Description of the task →
Only the lines running from the line with "Esta verde azulada" to the end of the listing below should be copied, exactly, without pictures.

Records to process →

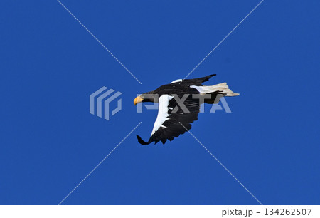 【北海道】青空バックを飛翔するオオワシ
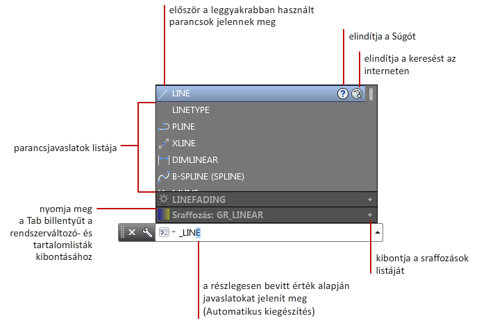 A javasolt parancsok listája megjelenik, amint megadja a parancs első néhány betűjét akár a parancsablakban, akár a dinamikus adatbeviteli mezőben. Alapértelmezés szerint a lista a következő jellemzőkkel rendelkezik:
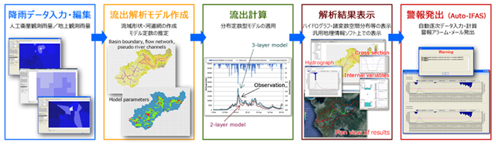 IFAS (Integrated Flood Analysis System) は、インターネットを通じ無償で入手可能で、ほぼ全世界をカバーしている地形や土地利用のグローバルデータを用いて、簡単に流出解析モデルが構築できるシステムです。IFASだけで、データの入手、モデルの構築、降雨流出解析、結果表示などの流出解析に必要な一連の作業を行うことができます。
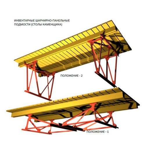 Подмости каменщиков шарнирные считаются одними из самых мощных в плане грузоподъемности. Их надежная конструкция позволяет выдерживать нагрузку 400кг/ м2.
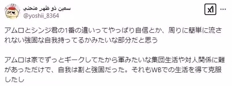 「阿姆羅被布萊特揍,說出那句:『連我爸都沒有打過我!』的台詞,因為經常在廣告之類的地方出現,才會推升大家對於阿姆羅好像畏畏縮縮的印象吧。」
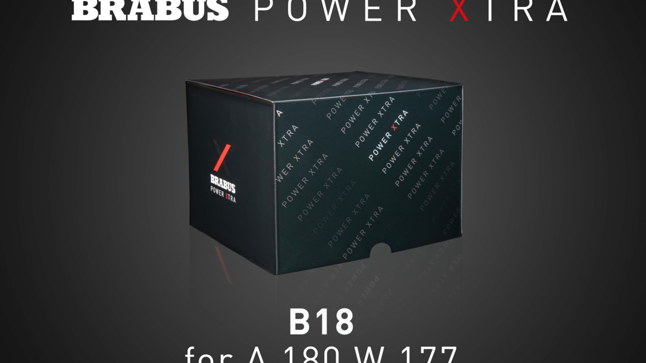 BRABUS extra power for your vehicle: The BRABUS PowerXtra B18 performance kit based on the A 180 consists of a processor-driven auxiliary control module for the engine control unit. In addition to a bump in peak torque from 200 Nm to 274 Nm, the rated output jumps by 30 kW/41 hp from 100 kW/136 hp to 130 kW/177 hp. The plug-and-play control unit is adapted to the standard engine management.
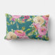 Esta verde azulada almohada de dos tiradas luce una romántica estampada de rosa floral en tonos rosa y crema.
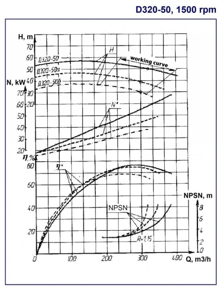 - напор насоса в номинальном режиме, м. Насос Д320-50а
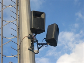 Na otvorenom bazenu postavljeni su nadgradni PVC JEL zvučnici. Po dva zvučnika postavljena su na svakom od 4 stuba oko bazena.
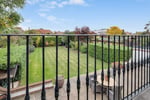 Feature circular window and double glazed French doors to rear aspect, opening onto the balcony with views over the landscaped garden. Doors lead to :
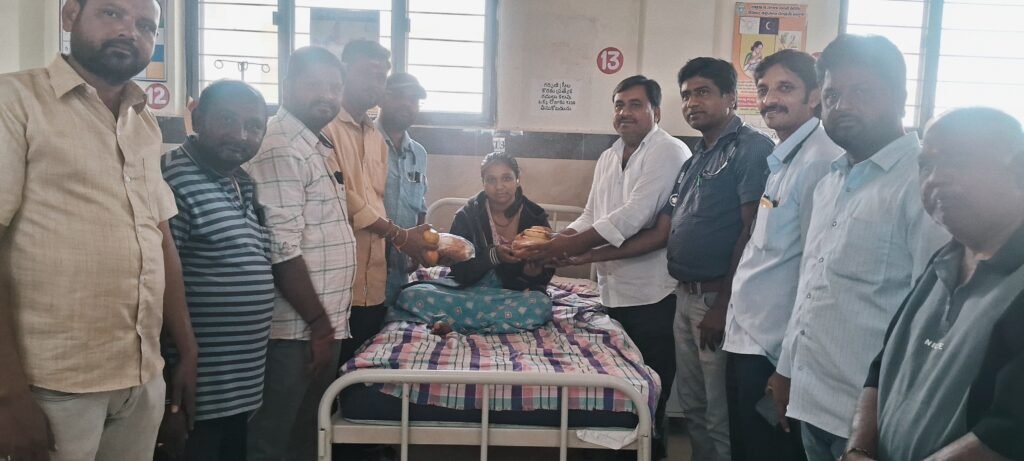 ప్రభుత్వ ఆసుపత్రిలోని పేషంట్లకు, బాలింతలకు పండ్లు, బ్రేడ్లు పంపిణీ చేస్తున్న ఉప సర్పంచ్ల ఫోరం అధ్యక్షుడు వన్నాల శివాజీ, ఇతర ఉప సర్పంచ్లు, నాయకులు..

Completed exercise →
 Esta verde azulada almohada de dos tiradas luce una romántica estampada de rosa floral en tonos rosa y crema.
 - напор насоса в номинальном режиме, м. Насос Д320-50а
 Na otvorenom bazenu postavljeni su nadgradni PVC JEL zvučnici. Po dva zvučnika postavljena su na svakom od 4 stuba oko bazena.
 Feature circular window and double glazed French doors to rear aspect, opening onto the balcony with views over the landscaped garden. Doors lead to :
 ప్రభుత్వ ఆసుపత్రిలోని పేషంట్లకు, బాలింతలకు పండ్లు, బ్రేడ్లు పంపిణీ చేస్తున్న ఉప సర్పంచ్ల ఫోరం అధ్యక్షుడు వన్నాల శివాజీ, ఇతర ఉప సర్పంచ్లు, నాయకులు..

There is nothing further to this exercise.